Additionally, the variance, which quantifies how much the number of successes typically deviates from that mean, is given by:

V(X) = np(1 - p) \tag{3}

As the probability of failure $(1 - p)$ increases, or as $n$ increases, the potential spread of outcomes changes accordingly

As an example, consider a biased coin with its head having a probability $p = 0.1$ when tossed. To find the probability of seeing exactly 2 heads in $n = 6$ tosses, we need to use the probability mass function. so the binomial coefficient $\binom{6}{2}$ , which represents the number of ways to arrange 2 successes in 6 trials would be:

\binom{6}{2} = \frac{6!}{2!(6 - 2)!} = \frac{6 \times 5}{2 \times 1} = 15

With this, we get:

f(2, 6, 0.1) = 15 \times 0.1^2 \times 0.9^4 = 0.098415

The expected value of the average number of heads is $E(X) = 6 \times 0.1 = 0.6$ . The variance, which measures the spread of these outcomes, is $V(X) = 6 \times 0.1 \times 0.9 = 0.54$ .

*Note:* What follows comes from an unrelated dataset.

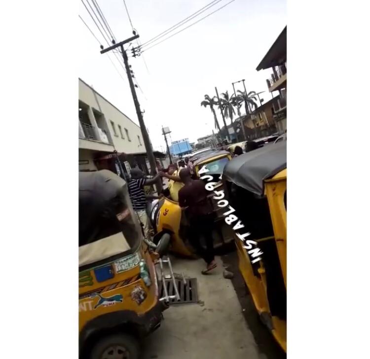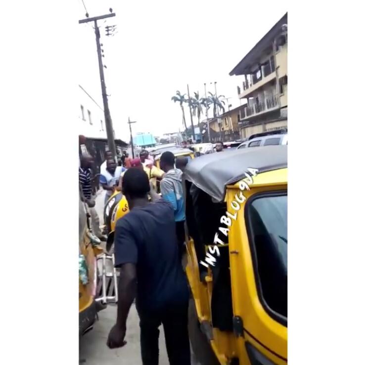 Moment Commercial tricyclists trap a #Lastma official who seized their colleague’s tricycle, today, in Ikeja, Lagos State.

Let consider another example of a scenario where a manufacturing plant produces light bulbs with a known defect rate of 5%. If we randomly select a batch of $n = 10$ bulbs to test, the probability $p$ of finding a defective bulb is $0.05$ . To find the probability of observing exactly 2 defective bulbs would mean 2 successes out of 10 trials which we calculate as:

\binom{10}{2} = \frac{10!}{2!(10 - 2)!} = \frac{10 \times 9}{2 \times 1} = 45

f(2, 10, 0.05) = 45 \times 0.05^2 \times 0.95^8 = 0.074635

The expected number of defective bulbs is $E(X) = 10 \times 0.05 = 0.5$ . The variance for this distribution is $V(X) = 10 \times 0.05 \times 0.95 = 0.475$ .

Geometric Distribution

The geometric distribution models the number of independent trials required to achieve the first success. We assumes that each trial is independent and has a same probability of success $p$ . If we define the random variable $X$ as the specific trial number where the first success occurs, we say that $X$ follows a geometric distribution, denoted as $X \sim \text{Geom}(p)$ .To find the probability that the first success occurs exactly on trial $x$ , we use the probability mass function. Meaning we must observe exactly $x-1$ consecutive failures before finally reaching a success on the $x$ -th attempt:

P(X = x) = (1 - p)^{x - 1} p \tag{4}

The $(1 - p)^{x - 1}$ calculates the probability of the initial failures, while $p$ accounts for the success that stops the sequence. This distribution is particularly useful for "waiting-time" problems, for example predicting the number of coin tosses needed to see the first head or the number of attempts required to pass a quality control test. The expected value, which provides the average number of trials one would expect to perform before succeeding, is given by:

E(X) = \frac{1}{p} \tag{5}

This inverse relationship means that as the probability of success decreases, the expected number of attempts increases proportionally. The variance, which measures the spread or uncertainty of when that first success will happen, is calculated as:

V(X) = \frac{1 - p}{p^2} \tag{6}

This distribution also has a unique "memoryless" property, implying that the probability of success on the next trial does not depend on how many failures have already occurred.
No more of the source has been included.